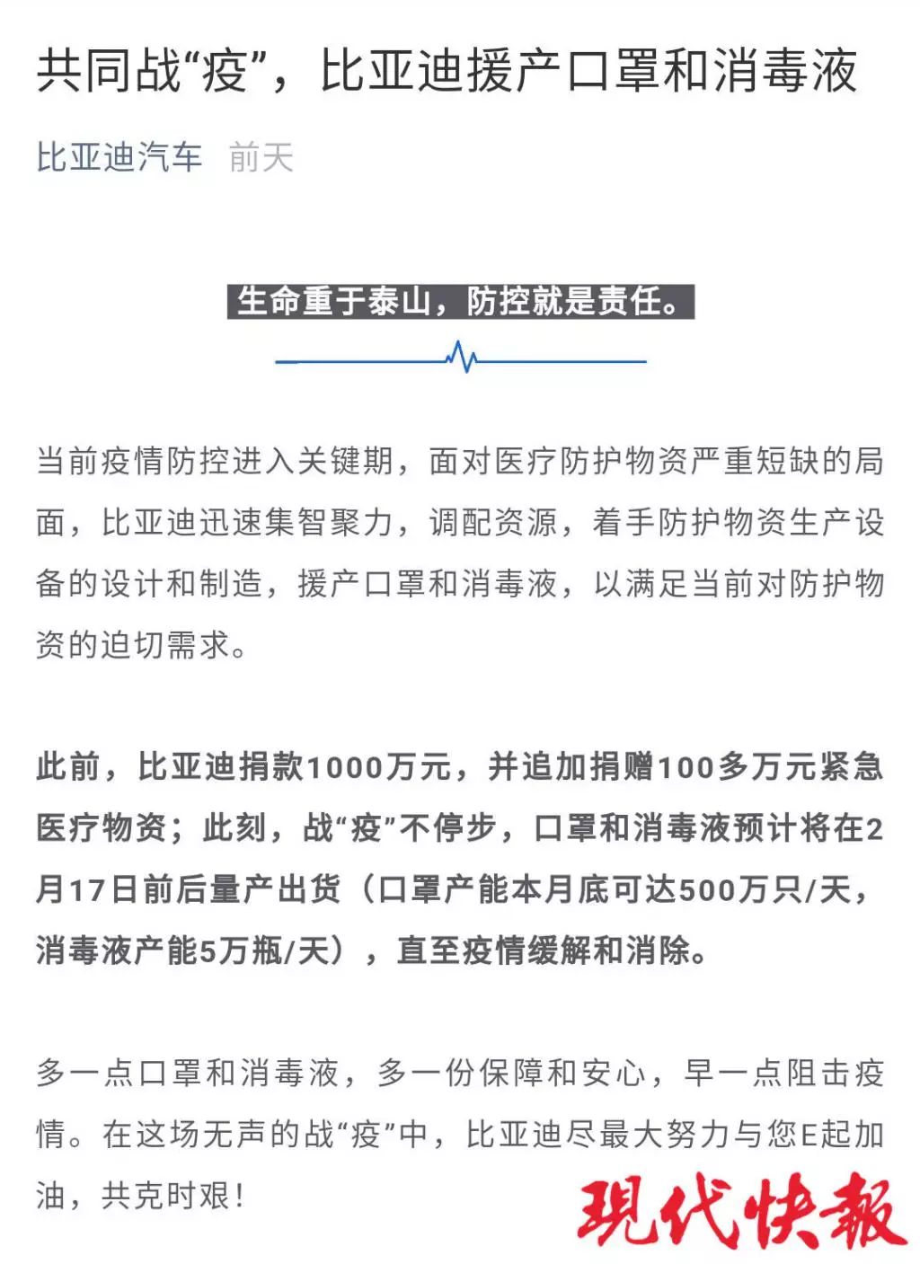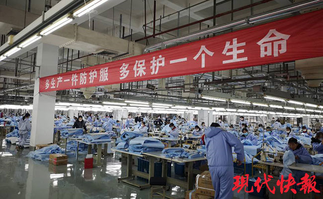 现代快报讯新冠肺炎疫情发生以来,口罩、防护服、酒精等医疗用品奇缺,国家发改委等三部委日前发文,鼓励企业多措并举扩大重点医疗防护物资生产供应。现代快报记者了解到,近期江苏多家公司宣布转产“抗疫”,西服、羽绒服、农药、尿不湿等生产企业纷纷跨界,原本停产防护物资生产的企业也再次开足马力复产。随着多家企业的密集复工,口罩等相关医疗物资紧缺的状况也有望得到缓解。 △红豆防护服生产线【拓宽范围】 从西服、羽绒服到防护服,江苏多家服装企业紧急转产 江苏的服装纺织企业众多,在医用口罩、防护服等物资紧缺的情况下,不少服装企业也加入转产行列。 2月3日下午,位于无锡的红豆股份首套防护服下线。红豆自2月1日决定停工西服生产,改为生产防护服,在最短时间内生产出了一般防护服。2月5日,第一批1000件一般防护服发货,目前,公司一般防护服日产量接近1万件。此外,公司的运动服车间目前也改造生产隔离衣,而医用防护服的生产资质正在申请当中。 另一家从高档西服转做防护服的是江苏阳光集团有限公司,研发出了一款采用薄膜复合技术,强力高,穿着舒适,具有较好的防渗透性,可满足于医院系统以外的海关、社区、交通卡口、检查站等工作人员的穿着防护服。据悉,该集团新投入的三条防护服生产线,已于2月8日正式上线,日产2000件防护服。 △波司登防护服生产线位于苏州常熟的波司登公司以生产羽绒服闻名,这次也加入到生产防护服的行列。仅用两天时间,公司将原本分散在各区域的 35台设备集中到一个车间,并向政府提交复工申请。2月6日起,防护服生产线正式开工,日产防护服1500到2000件。 常州新北区的新兴服装也在最近紧急复工转产口罩。这家企业本是专做外贸服装的,经过几天的努力,2月8日,公司的一次性医用口罩试产成功。南京的卡思迪莱服饰也在第一时间招回员工500多人,不计成本采购最新关键设备,生产防护服,目前日均产量已近3000件,首批合格防护服已运往湖北。 △连云港柏德实业 企业供图【换生产线】 农药生产线改造后生产酒精,尿不湿生产线开做口罩 不仅纺织服装行业公司“秒改”生产线,尿不湿生产企业也来转生产线了。连云港东海柏德实业2013年落户东海经济开发区,早在2017、2018年,该企业连续上了3条用于制作幼儿尿不湿原料的生产线,原本计划今年再上2条生产线,机器设备都已购置好。没想到疫情突然发生,柏德实业在大年初三就将原有2条生产卫生面料的生产线全部改造,投向重点防疫物资口罩面料的生产中。 位于南京江北新区的南京际华5302公司,也在月初加入了转产生产防护服的行列。南京际华5302公司主要负责人称,1月31日,公司接到市国资委要求,开动防护服生产。2月3日下午,近200名工人就投入到了生产当中。目前,机器24小时运转,公司医用一次性防护服日产可达3000件。 2月8日下午,一辆装满医用酒精的大货车发往湖北孝感。这是南京农药生产企业红太阳集团紧急加班生产出来的。据悉,疫情发生后,江苏阳光集团有限公司第一时间启动防疫防护服转产项目,新投入的三条防护服生产线,近八分之一的产能,实施技术改造,快速形成针对本次疫情的防护服有效产能。生产线已于2月8日正式上线,每日可生产2000件防护服。 △阳光集团图 图片来源:“文明江阴”微信公众号【重启复产】 “救活”停产企业,开足马力再生产 位于扬州市邗江区沁康防护用品有限公司,原本两条口罩生产线已经停产三年,而从大年初三开始,这两条口罩生产线发出轰鸣复产了。公司克服原材料、人工等方面的重重困难,生产的医用口罩可达到N95的防护标准,只用10多天时间就平价供应市场30多万只口罩现。 把原本停产口罩的企业救活,江苏盛虹集团只用了4天时间。现代快报记者了解到,苏州刚松防护科技股份有限公司是家医护用品生产企业,此前因债务危机,于2018年下半年停产,已停工570天,并于2019年底开始破产清算。盛虹集团了解到情况后,紧急拿出3000万元专项扶持资金,并派驻专人协助刚松公司开始采购生产设备、原料物资。仅仅花了4天时间,就“复活”了这家企业,2月3日重新开始生产口罩,第一条生产线每天可生产KN95口罩2万只,一次性无纺布口罩10万只。 【责任担当】 企业纷纷加入“抗疫”阵营,扛起社会责任担当 很多行业转产防疫物资,甚至连车企都来了。比如比亚迪汽车、上汽通用五菱等也都发布相关消息。现代快报记者还了解到,生产汽车织物的常州上市公司旷达科技,近期也将他们在柳州的一个子公司改为生产口罩。 如此多的企业紧急转产酒精、防护服等防疫物资,在业内人士看来,实际对业绩正面影响都不大,甚至可以说企业是做出了不小的牺牲。在现代快报记者的采访中,很多江苏企业都表示,转产是出于社会责任的考虑,国家有难,企业必须扛起社会责任的担当。 现代快报记者了解到,近期国内上千家企业的经营范围新增了“口罩、防护服、消毒液、测温仪、医疗器械”等业务,其中不乏很多已经火速转产成功的,这也带动了很多抗疫物资相关联上下游企业的复产复工。而随着更多企业投入到“抗疫”生产中,相关医疗物资紧缺的状况也有望得到进一步缓解。 现代快报+/ZAKER南京记者 谷伟 王天驰 张瑜 见习记者 潘荣 (编辑 陈海静)
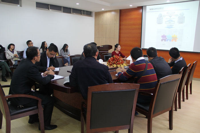 2014年10月23日下午3:00,我室学术沙龙第二讲《金属-有机纳米多孔材料的设计及其在催化领域的应用》在知达楼二楼研讨室顺利举行。此次沙龙的主讲人为我室杨秀丽博士,她主要从事新型功能MOFs材料的设计合成及应用研究,在国际顶尖化学期刊J. Am. Chem. Soc.以及Chem. Eur. J.,Inorg. Chem.,CrystEngComm等知名期刊发表学术论文10多篇,总计影响因子60.51,单篇最高影响因子11.444,单篇论文发表两年已被引用72次。
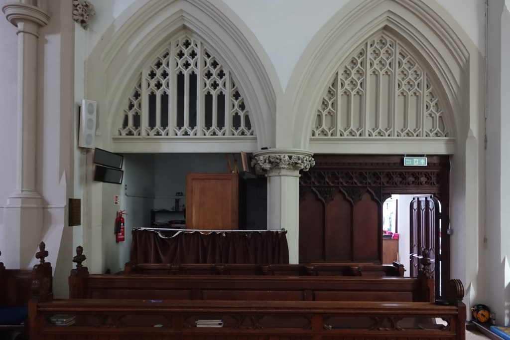 One of S.S.Teulon’s major buildings dating from 1860-62, standing almost alone normally, but currently partly surrounded by a crossrail construction site. As at St Stephen’s, Rosslyn Hill the church stood disused and vandalized, before being restored as Brick Lane Music Hall between 1984-89 by Julian Harrap.
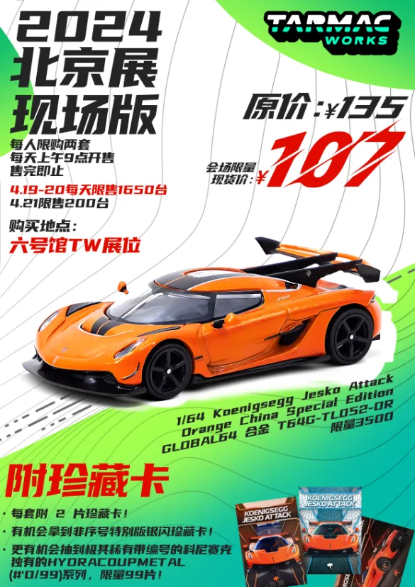Tarmac Works 将在 2024 中国国际模型博览会首发 Trading card 珍藏卡系列产品!套装内含 1:64 合金材质 Koenigsegg Jesko Attack(Orange,T64G-TLO52-OR)汽车模型 + 2 张珍藏卡。限量 3500 套,每人限两套。
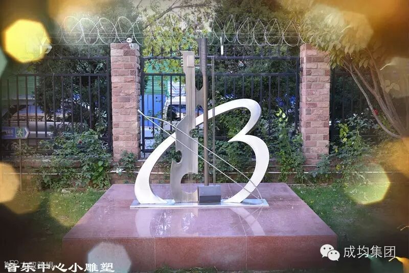 在音乐教育中心门前草坪处,有一座雕塑作品,这件巧妙设计作品将中西方代表性乐器“二胡与提琴”融合在一起,可谓开宗名义,表明音乐教育中心中西合璧的特色。
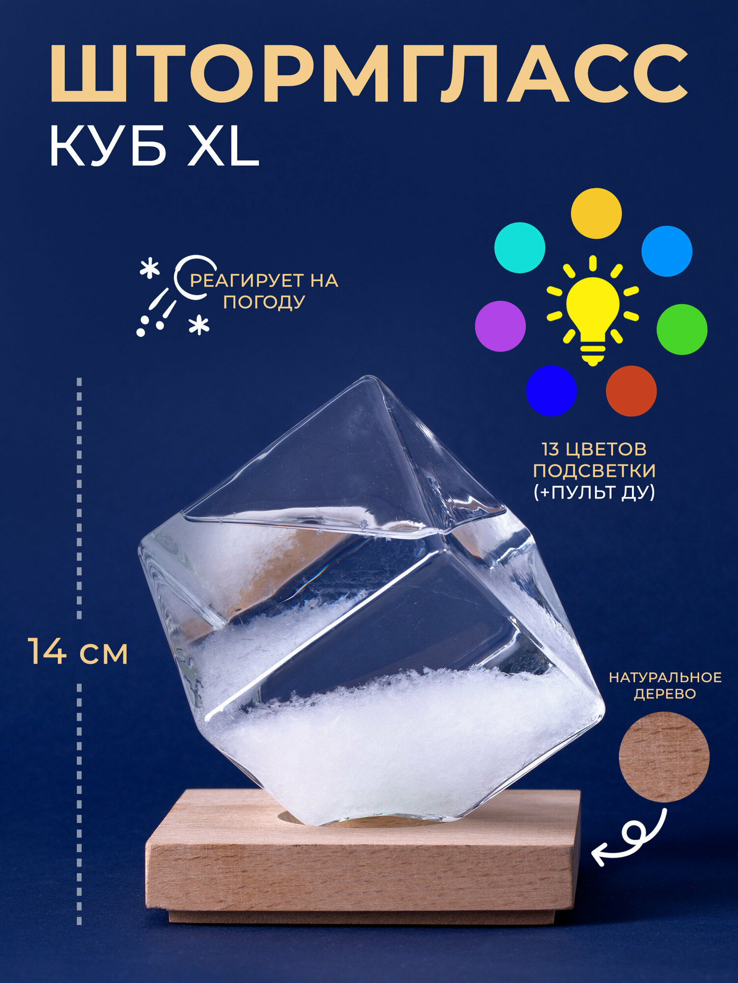 Штормгласс Куб XL с RGB подсветкой и пультом ДУ (14 см) информация:
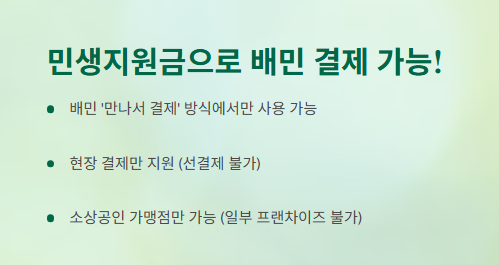- 선결제/비대면 결제: 앱 내에서 즉시 결제(신용카드·페이 등)는 민생지원금 사용 불가
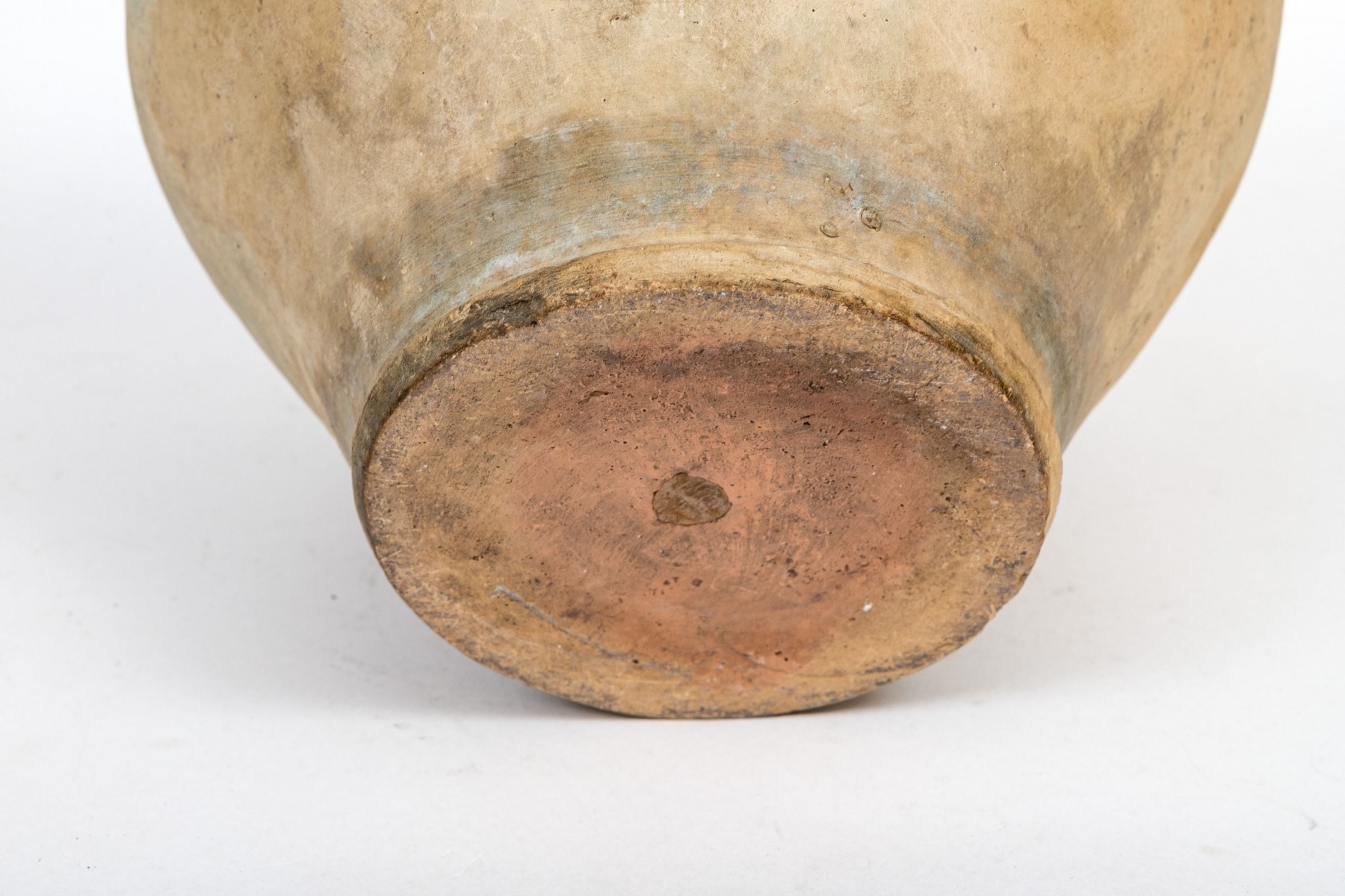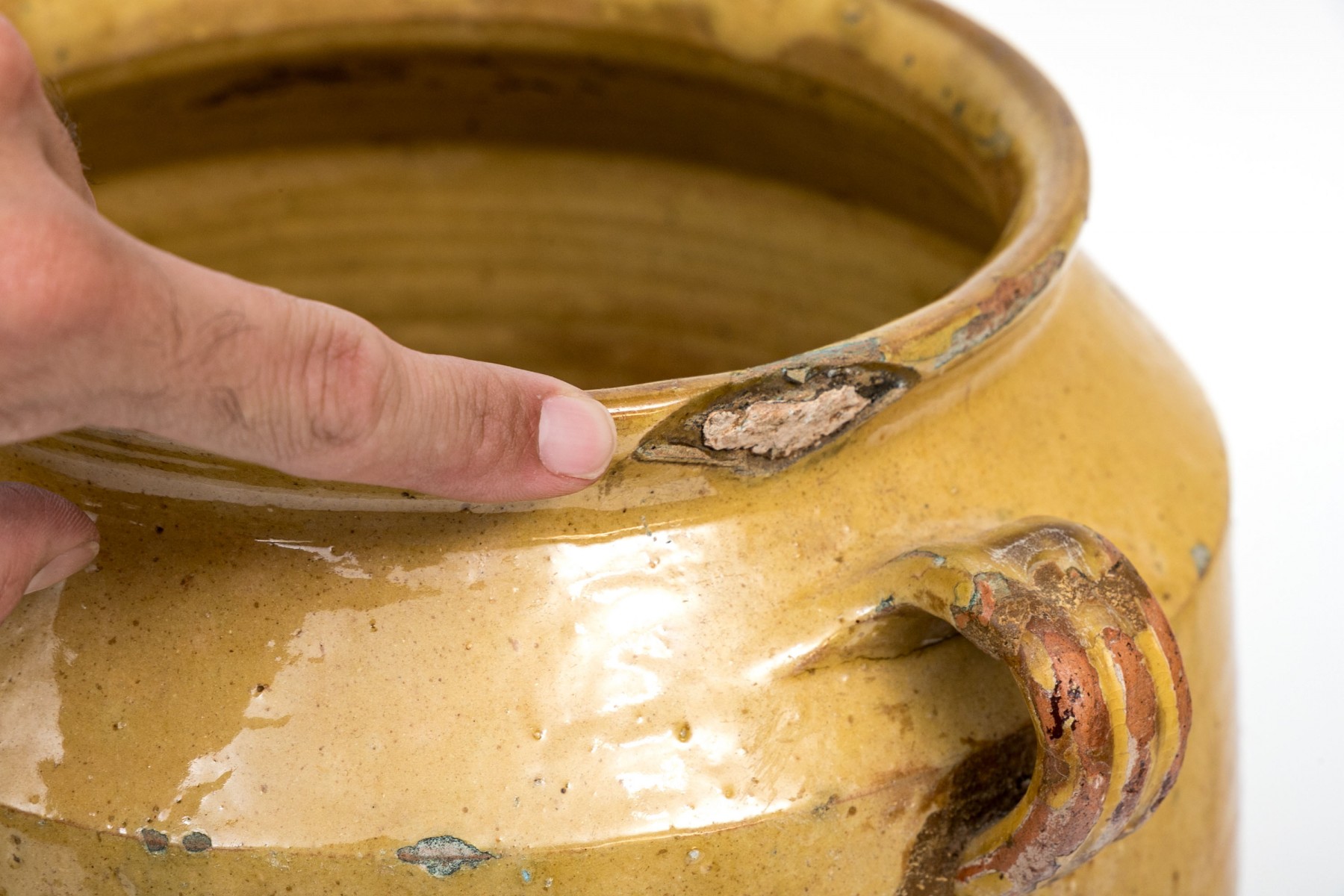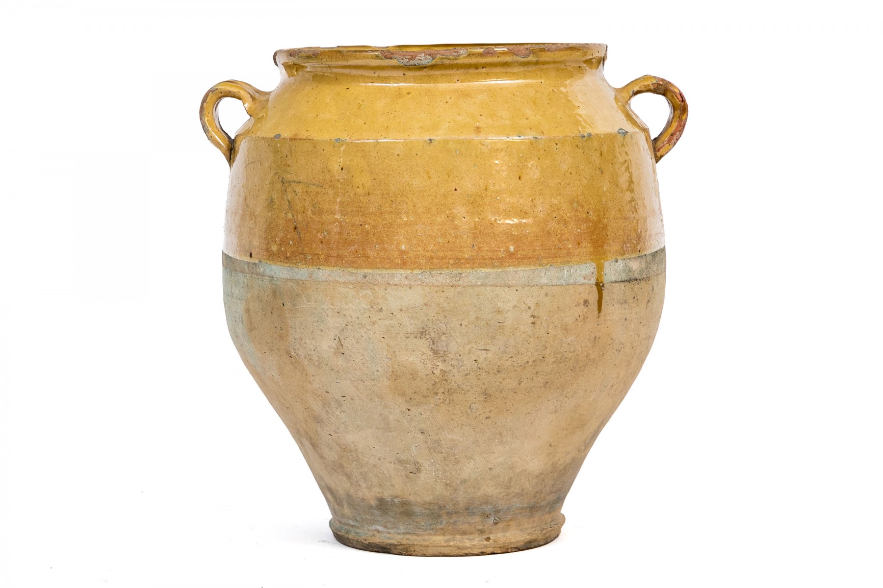 A classic confit pot in yellow glaze on the upper part and unglazed pale terracotta tapering bottom part. With twin ridged handles.
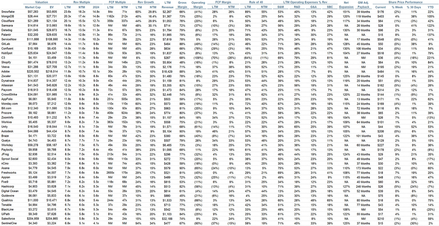 Rule of 40 shows rev growth + FCF margin (both LTM and NTM for growth + margins). FCF calculated as Cash Flow from Operations - Capital Expenditures
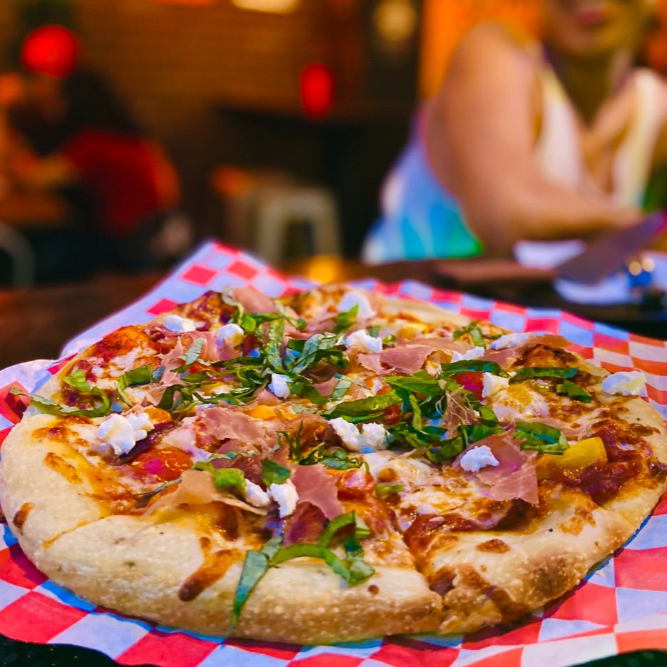 Queso mozzarella , salsa pomodoro, jamón serrano, queso cabra, tomate cherry y albahaca fresca. cherry,
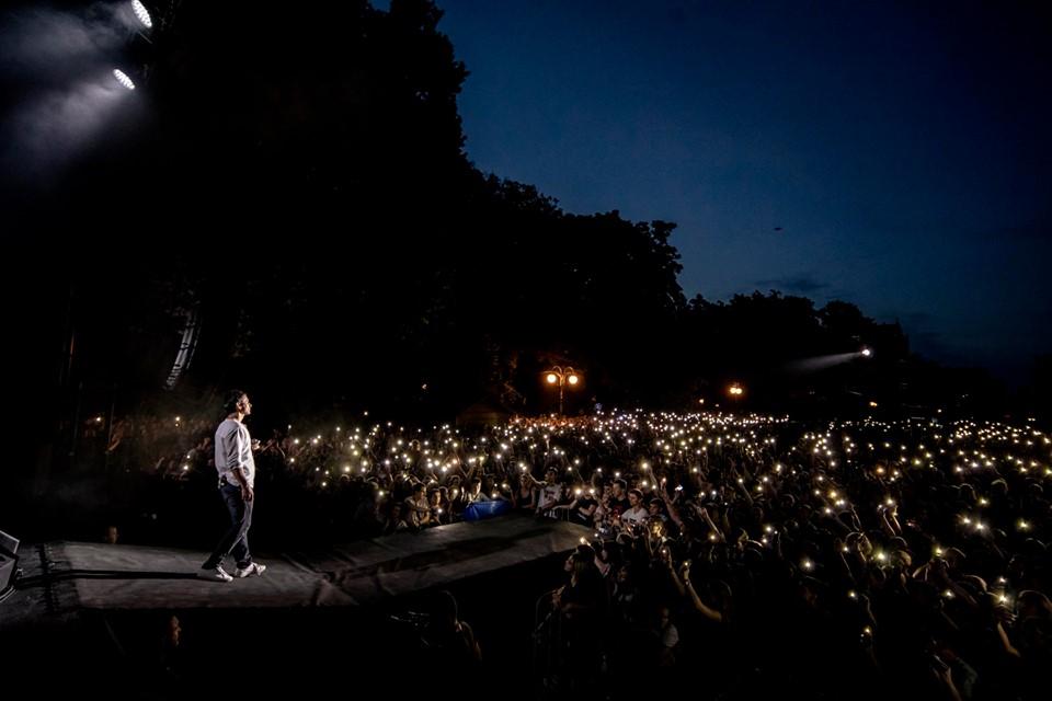 На світлинах – натовп глядачів з увімкненими ліхтариками, а лідер партії Святослав Вакарчук – з українським прапором. Це кадри з «Туру змін» до Полтави, з парку Перемоги, концертної, а не політичної частини.

________________________________________

Work order — Since the pictures are not part of the copy, please transcribe only the lines above from the one with "Am. Chem. Soc.以及Chem." through the one with "在音乐教育中心门前草坪处,有", exactly and with both ends.

Output —
 2014年10月23日下午3:00,我室学术沙龙第二讲《金属-有机纳米多孔材料的设计及其在催化领域的应用》在知达楼二楼研讨室顺利举行。此次沙龙的主讲人为我室杨秀丽博士,她主要从事新型功能MOFs材料的设计合成及应用研究,在国际顶尖化学期刊J. Am. Chem. Soc.以及Chem. Eur. J.,Inorg. Chem.,CrystEngComm等知名期刊发表学术论文10多篇,总计影响因子60.51,单篇最高影响因子11.444,单篇论文发表两年已被引用72次。
 One of S.S.Teulon’s major buildings dating from 1860-62, standing almost alone normally, but currently partly surrounded by a crossrail construction site. As at St Stephen’s, Rosslyn Hill the church stood disused and vandalized, before being restored as Brick Lane Music Hall between 1984-89 by Julian Harrap.
Tarmac Works 将在 2024 中国国际模型博览会首发 Trading card 珍藏卡系列产品!套装内含 1:64 合金材质 Koenigsegg Jesko Attack(Orange,T64G-TLO52-OR)汽车模型 + 2 张珍藏卡。限量 3500 套,每人限两套。
 在音乐教育中心门前草坪处,有一座雕塑作品,这件巧妙设计作品将中西方代表性乐器“二胡与提琴”融合在一起,可谓开宗名义,表明音乐教育中心中西合璧的特色。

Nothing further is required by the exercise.